Virtually, all gastropods act as intermediate hosts, and are capable of transmitting this parasite. In the Ogasawara Islands, the giant African snail A. fulica has been shown to be one of the most important intermediate hosts of A. cantonensis [14], [15]. It is also suggested that the migration of A. cantonensis in the Ogasawara Islands is responsible for the introduction of A. fulica. According to Mead (1961) [37] and Tomiyama (1988) [38], A. fulica snails were introduced to the Chichijima Island from Taiwan via mainland Japan in 1935, as an item of primitive medicine. Subsequently, the giant snails were found one after another in the Hahajima, Anijima, and Higashijima Islands. In the present study, we discovered A. cantonensis worms in the Anejima, Imoutojima, Meijima, and Mukohjima Islands of the Hahajima group, where A. fulica snails had not been reported. Therefore, we suspected that organisms other than A. fulica snails might be involved in the lifecycle of A. cantonensis in these islands. The Ogasawara Islands is abundant with terrestrial gastropods. At least 97 snail species have been recorded, and over 90% of them are native to this Islands [39]. Uchikawa (1987) [40] pointed out that rats prefer small native snails rather than large-sized A. fulica snails, and these small snails play a more important role in the transmission of A. cantonensis. However, the susceptibility of native snails in the Ogasawara Islands to A. cantonensis and the epidemiology of A. cantonensis among these snails are uncertain.
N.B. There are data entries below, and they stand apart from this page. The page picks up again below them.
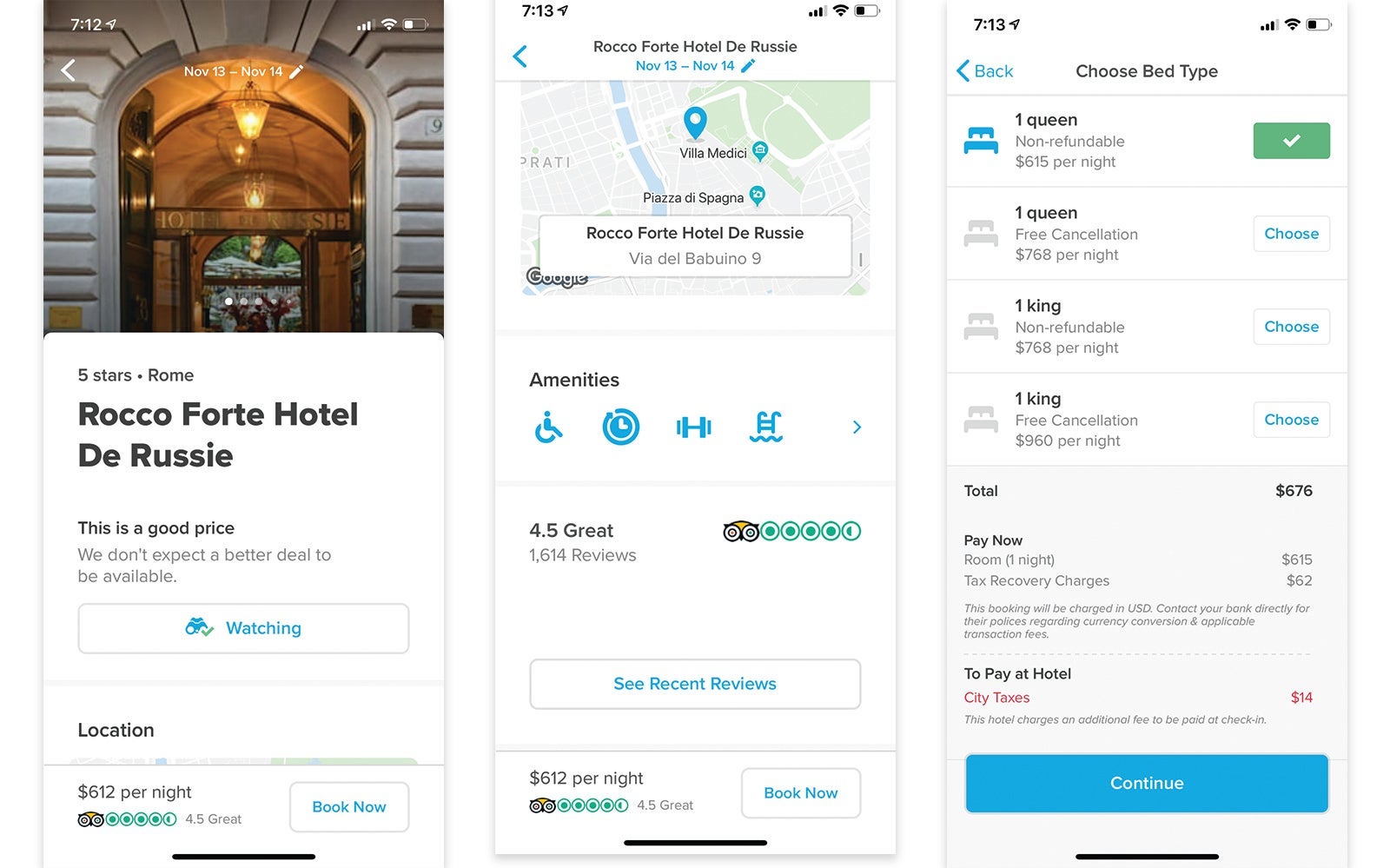 I selected the Hotel de Russie, and Hopper brought me to a page with photos to scroll through, a map showing the hotel's location, icons depicting the amenities and the hotel's TripAdvisor score. For the dates selected (Nov. 6 and 7), it showed a price of $615 per night and Hopper told me "We don't expect a better deal to be available."
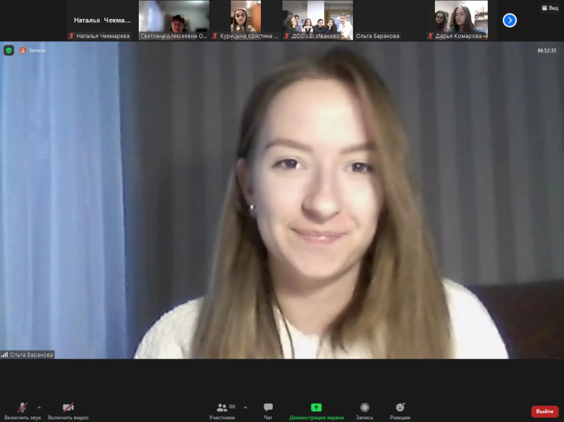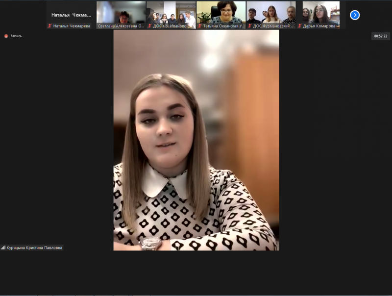 Участие в заседании приняли Уполномоченный по правам ребенка в Ивановской области Татьяна Петровна Океанская; декан юридического факультета, доцент кафедры конституционного и муниципального права Ивановского филиала Российской академии народного хозяйства и государственной службы при Президенте Российской Федерации (РАНХиГС) Игорь Витальевич Чебыкин; исполнительный директор — руководитель Аппарата Ивановского регионального отделения «Ассоциация юристов России» Ольга Игоревна Бельденинова; преподаватели, студенты Ивановского филиала РАНХиГС и, конечно, активисты Детского общественного совета и их кураторы в муниципалитетах.
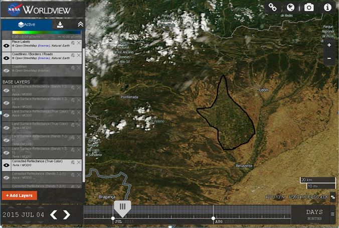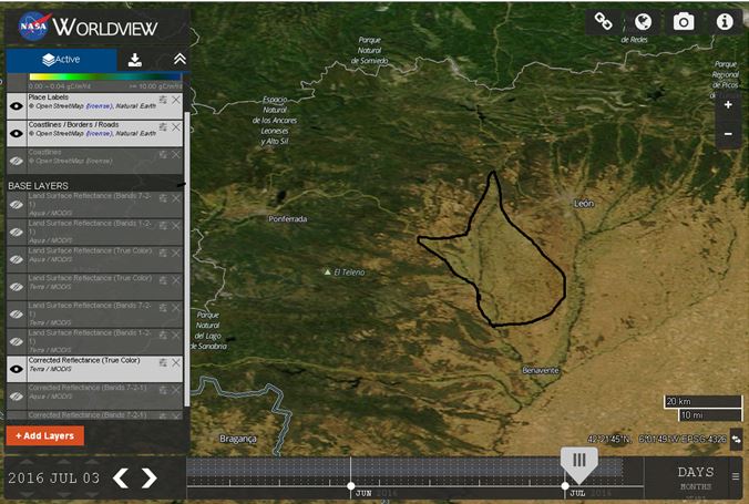 En la imagen de satélite, se observa cómo estaban desarrollados los cultiovos en los regadíos del Páramo de León (Páramo Alto, Medio, Bajo y vegas adyacenes) a fecha 4 de julio de 2015 y 2016 respectivamente.

In conclusion, we demonstrated, for the first time, the occurrence of A. cantonensis in R. norvegicus from the Anejima, Imoutojima, Meijima, Mukohjima, and Hirajima Islands of the Ogasawara archipelago. We have also provided molecular evidence that a single shared lineage of A. cantonensis has been spreading in the Ogasawara archipelago. This lineage was found in the Okinawa, Hawaii, and Brazil. Future studied should focus on the transmission dynamics of this nematode parasite, and explore the potential role of the host in moving the parasite across a wide range of geographic regions.